Google AI Introduces ScreenAI: A Vision-Language Model for User interfaces (UI) and Infographics Understanding

[ad_1]

The capacity of infographics to strategically arrange and use visual signals to clarify complicated concepts has made them essential for efficient communication. Infographics include various visual elements such as charts, diagrams, illustrations, maps, tables, and document layouts. This has been a long-standing technique that makes the material easier to understand. User interfaces (UIs) on desktop and mobile platforms share design concepts and visual languages with infographics in the modern digital world.

Though there is a lot of overlap between UIs and infographics, creating a cohesive model is made more difficult by the complexity of each. It is difficult to develop a single model that can efficiently analyze and interpret the visual information encoded in pixels because of the intricacy required in understanding, reasoning, and engaging with the various aspects of infographics and user interfaces.

To address this, in a recent Google Research, a team of researchers proposed ScreenAI as a solution. ScreenAI is a Vision-Language Model (VLM) that has the ability to comprehend both UIs and infographics fully. Tasks like graphical question-answering (QA), which may contain charts, pictures, maps, and more, have been included in its scope.

The team has shared that ScreenAI can manage jobs like element annotation, summarization, navigation, and additional UI-specific QA. To accomplish this, the model combines the flexible patching method taken from Pix2struct with the PaLI architecture, which allows it to tackle vision-related tasks by converting them into text or image-to-text problems.

Several tests have been carried out to demonstrate how these design decisions affect the model’s functionality. Upon evaluation, ScreenAI produced new state-of-the-art results on tasks like Multipage DocVQA, WebSRC, MoTIF, and Widget Captioning with under 5 billion parameters. It achieved remarkable performance on tasks including DocVQA, InfographicVQA, and Chart QA, outperforming models of comparable size.

The team has made available three additional datasets: Screen Annotation, ScreenQA Short, and Complex ScreenQA. One of these datasets specifically focuses on the screen annotation task for future research, while the other two datasets are focused on question-answering, thus further expanding the resources available to advance the field.

The team has summarized their primary contributions as follows:

The Vision-Language Model (VLM) ScreenAI concept is a step towards a holistic solution that focuses on infographic and user interface comprehension.
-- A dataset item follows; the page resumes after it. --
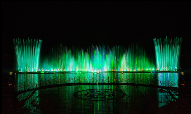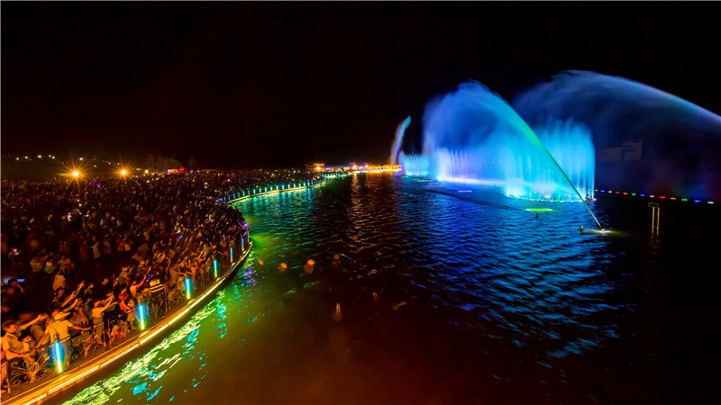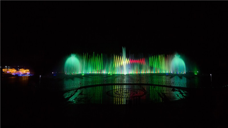 上林云里湖激光水幕噴泉工程:噴泉主噴高達110米,配合其他的3000多組噴頭,組成多樣的銜接,花樣可達到60分鐘不重復。噴泉的造型令人眼花繚亂,伴隨著音樂的節(jié)奏和燈光的變換,代表上林旅游特色的蓮花、銅鼓等水幕造型也出現(xiàn)在在湖面上,呈現(xiàn)出一道靚麗的風景線。

By utilizing the common visual language and sophisticated design of these components, ScreenAI offers a comprehensive method for understanding digital material.

One significant advancement is the development of a textual representation for UIs. During the pretraining stage, this representation has been used to teach the model how to comprehend user interfaces, improving its capacity to comprehend and process visual data.

To automatically create training data at scale, ScreenAI has used LLMs and the new UI representation, making training more effective and comprehensive.

Three new datasets, Screen Annotation, ScreenQA Short, and Complex ScreenQA, have been released. These datasets allow for thorough model benchmarking for screen-based question answering and the suggested textual representation.

ScreenAI has outperformed larger models by a factor of ten or more on four public infographics QA benchmarks, even with its low number of 4.6 billion parameters.

Check out the Paper. All credit for this research goes to the researchers of this project. Also, don’t forget to follow us on Twitter and Google News. Join our 37k+ ML SubReddit, 41k+ Facebook Community, Discord Channel, and LinkedIn Group.

If you like our work, you will love our newsletter..

Don’t Forget to join our Telegram Channel

Tanya Malhotra is a final year undergrad from the University of Petroleum & Energy Studies, Dehradun, pursuing BTech in Computer Science Engineering with a specialization in Artificial Intelligence and Machine Learning.
She is a Data Science enthusiast with good analytical and critical thinking, along with an ardent interest in acquiring new skills, leading groups, and managing work in an organized manner.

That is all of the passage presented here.